Well, it’s all down to the ambiance that is created in the dinning room itself, which quite simply, is guilty of trying too hard. The staff, which are clearly knowledgeable, provide faultless service, but it’s all too cold and stuffy. This, combined with the touch of distain from the sommelier whenever he spoke left an unfulfilled empty feeling as we left. All this despite having enjoyed some of the best food I have been fortunate enough to eat anywhere in the world.

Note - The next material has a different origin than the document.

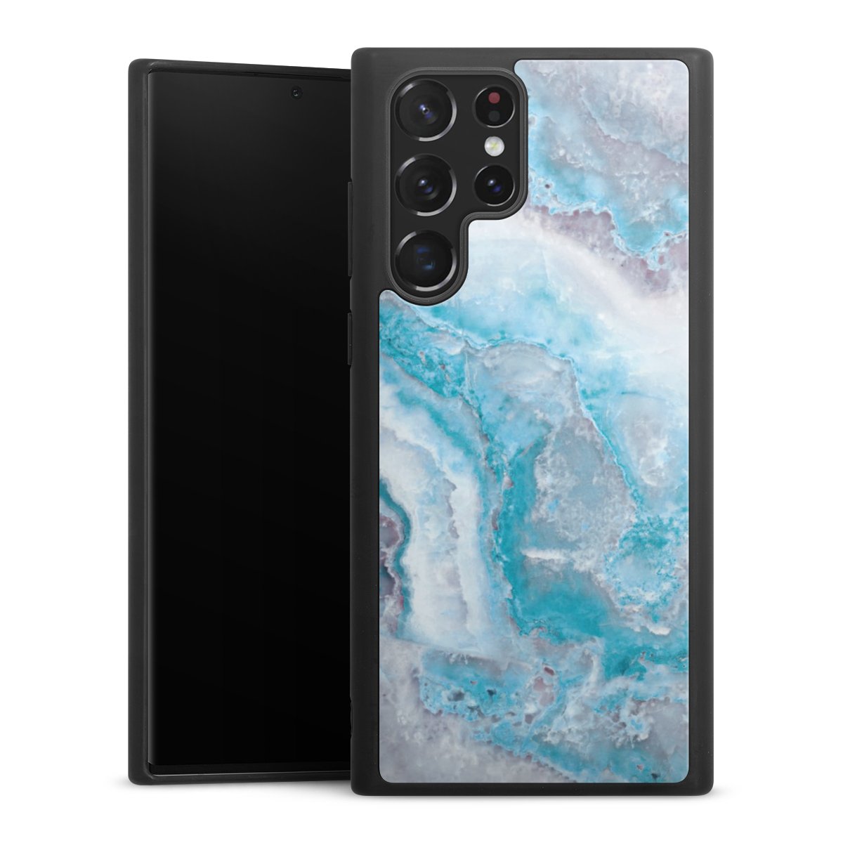 We print your design on the back of the glass inlay and then connect it firmly to the silicone case ,so that nothing sticks out and everything looks like it was cast from one piece. In addition, the sturdy glass element is protected from scratches by an additional coating and ensures a slight reflection on the shiny print image.

So a couple of weeks later I found myself again at Helene Darrozze, only this time for lunch with a colleague. This time I was very surprised, and I have to say pleased, that I experienced a much more relaxed affair. The stuffiness and overbearing formalities are not there at lunchtime. All that remains is the exquisite food, the quality of the wine and a complete dinning experience that I have yet to better. At lunchtime, Helene Darozze is without doubt the full package.

I had the line caught calamari, followed by crusted hake rounded off with a mouth watering rhubarb compote. This was washed down with a glass of white and a glass of red selected by a much more amiable sommelier. The famous jars of petty fours where wheeled over with the tea and coffee and it was as much as we could do to control ourselves from asking for the lot!

So what do we make of a restaurant such as this. The ambiance lets dinner down badly. Yes, dinner is expensive, especially when you add in the wine, water and coffee but the food is that good. However the evening service team could learn a lot from the lunch team in terms of creating a warm friendly dinning atmosphere. My recommendation would be to go for lunch and then decide if you want to go the extra mile for dinner. The three courses and two glasses of wine for £42 is great value, especially when you consider the quality of the food and the location. The atmosphere is nice and relaxed and there is none of the stuffiness associated with dinner. Lunch is the real deal, if they can emulate the ambiance created at lunch in the evening this restaurant is a serious contender for best in the city.